A revitalised property market and record-low interest rates mean businesses should be able to find affordable financing, but only if they negotiate effectively with lenders, a Melbourne lawyer has said.

Rigby Cooke Special Counsel Daryl Lim said since most loan agreements are generally heavily one-sided in favour of a lender, it is extremely important when seeking finance that borrowers negotiate critical terms before signing.

“With signs the property market is on the rebound, and with the Reserve Bank officially lowering rates to the lowest they have ever been in Australia, with the right approach businesses should be able to secure favourable financing,” Mr Lim said.

“However, many businesses don’t realise that they can negotiate the terms of their agreements with lenders, and only engage a lawyer to review the final set of loan documents, when the terms cannot be renegotiated.”
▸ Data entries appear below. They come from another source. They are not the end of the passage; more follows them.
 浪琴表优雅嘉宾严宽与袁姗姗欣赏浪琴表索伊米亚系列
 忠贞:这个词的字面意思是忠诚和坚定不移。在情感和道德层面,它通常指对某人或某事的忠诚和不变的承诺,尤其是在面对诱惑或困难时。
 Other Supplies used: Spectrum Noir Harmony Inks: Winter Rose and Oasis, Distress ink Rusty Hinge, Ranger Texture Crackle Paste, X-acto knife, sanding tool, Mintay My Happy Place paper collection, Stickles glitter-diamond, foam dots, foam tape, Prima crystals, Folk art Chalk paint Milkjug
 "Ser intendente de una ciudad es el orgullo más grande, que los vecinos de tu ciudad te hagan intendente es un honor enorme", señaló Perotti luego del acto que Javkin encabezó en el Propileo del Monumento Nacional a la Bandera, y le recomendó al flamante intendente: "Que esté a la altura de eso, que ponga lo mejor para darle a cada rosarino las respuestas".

According to the Australian Banking Association, small business loan applications rose in the June quarter, reversing a negative trend which began in 2014.
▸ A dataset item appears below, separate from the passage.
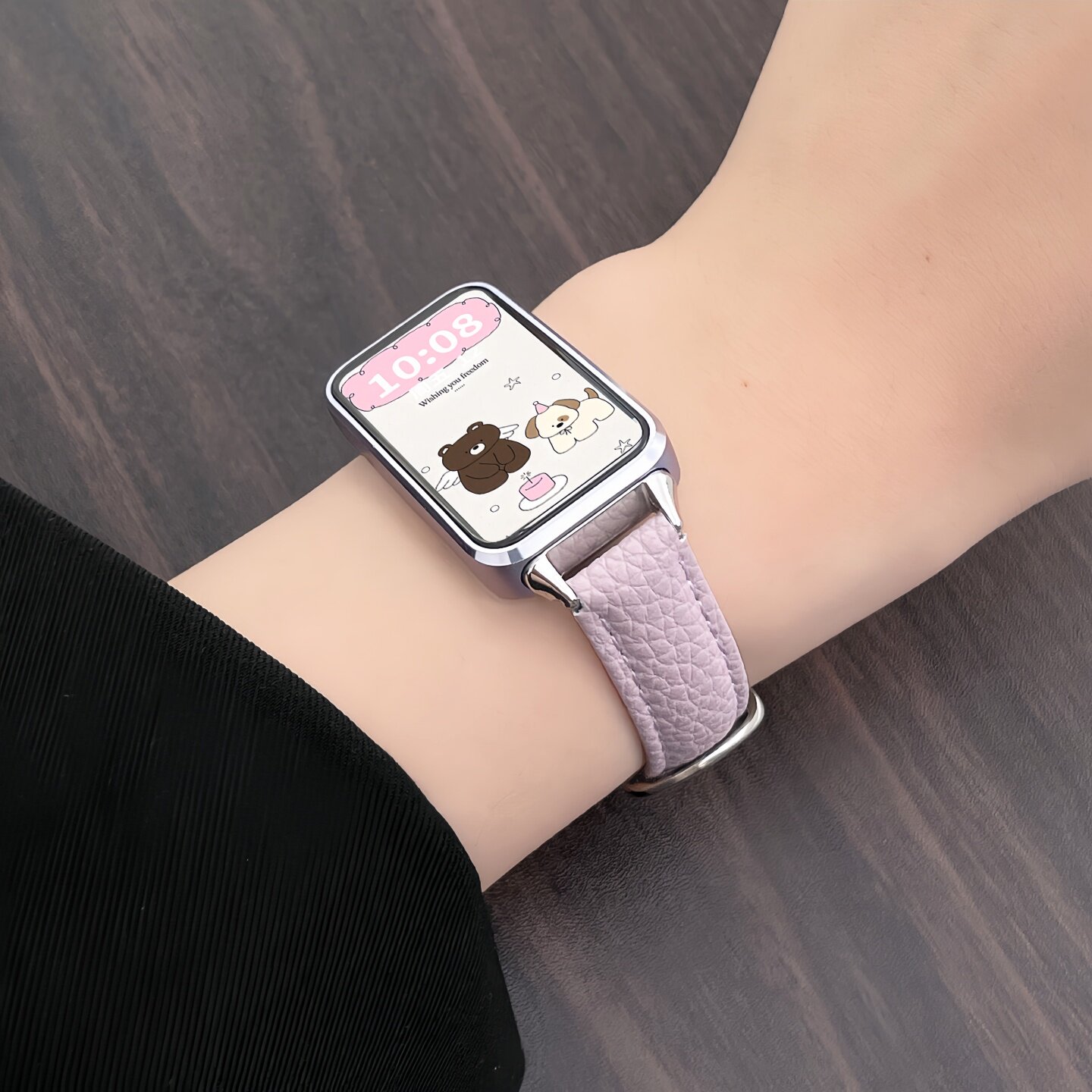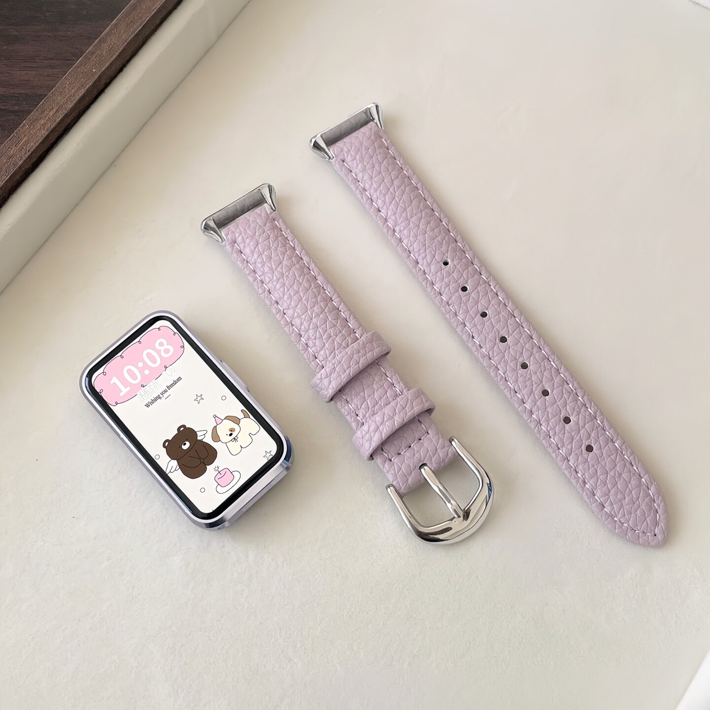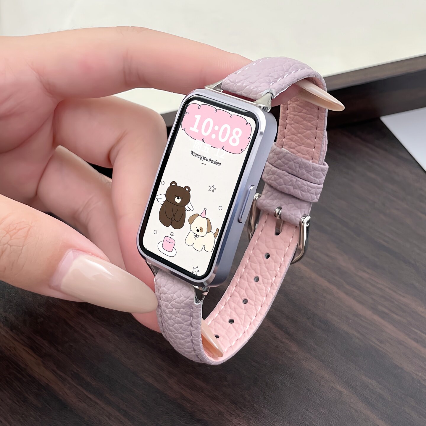 适用华为手环荔枝纹皮质秋冬表带
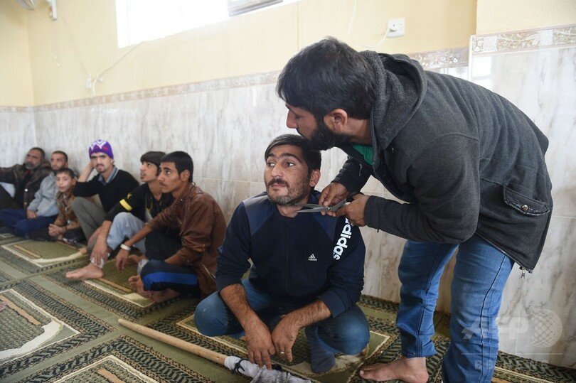 ISから解放されたモスル東端の村、バリカンで2年ぶりひげそり

“Business should look to borrow in this low-interest environment, but they need to be careful,” Mr Lim said.

“Businesses need to be on the lookout for terms that are onerous, or may put them at risk of default, as there is no such thing as a ‘technical default’ from a lenders perspective.

“Borrowers should negotiate terms which provide room for changes in the business cycle they may be in and other normal ups and downs and experiences.

“If the agreement provides for financial covenants such as debt service coverage ratios, tangible net worth requirements, or capital expenditure limitations, the borrower will want to make sure that even in the low times of its business, it can meet those financial covenants.

“Consider the guarantees and the securities that a lender is asking for and the impact they may have on your business – remember, these are all negotiable terms.

“Also, many lenders impose a number of reporting requirements – businesses need to be aware of these, and make sure that they meet the requirements to avoid default.

“Loan agreements can be complicated documents– which is why it is important to get advice from lawyers and accountants as early in the process as possible, so you can ensure that you aren’t agreeing to terms which may put you in a difficult position, even in default, if your circumstances change.

“While low interest rates may make borrowing cheap and therefore appealing, businesses need to consider, and negotiate, all the terms of an agreement to make sure they are protected from default and getting the best deal possible.”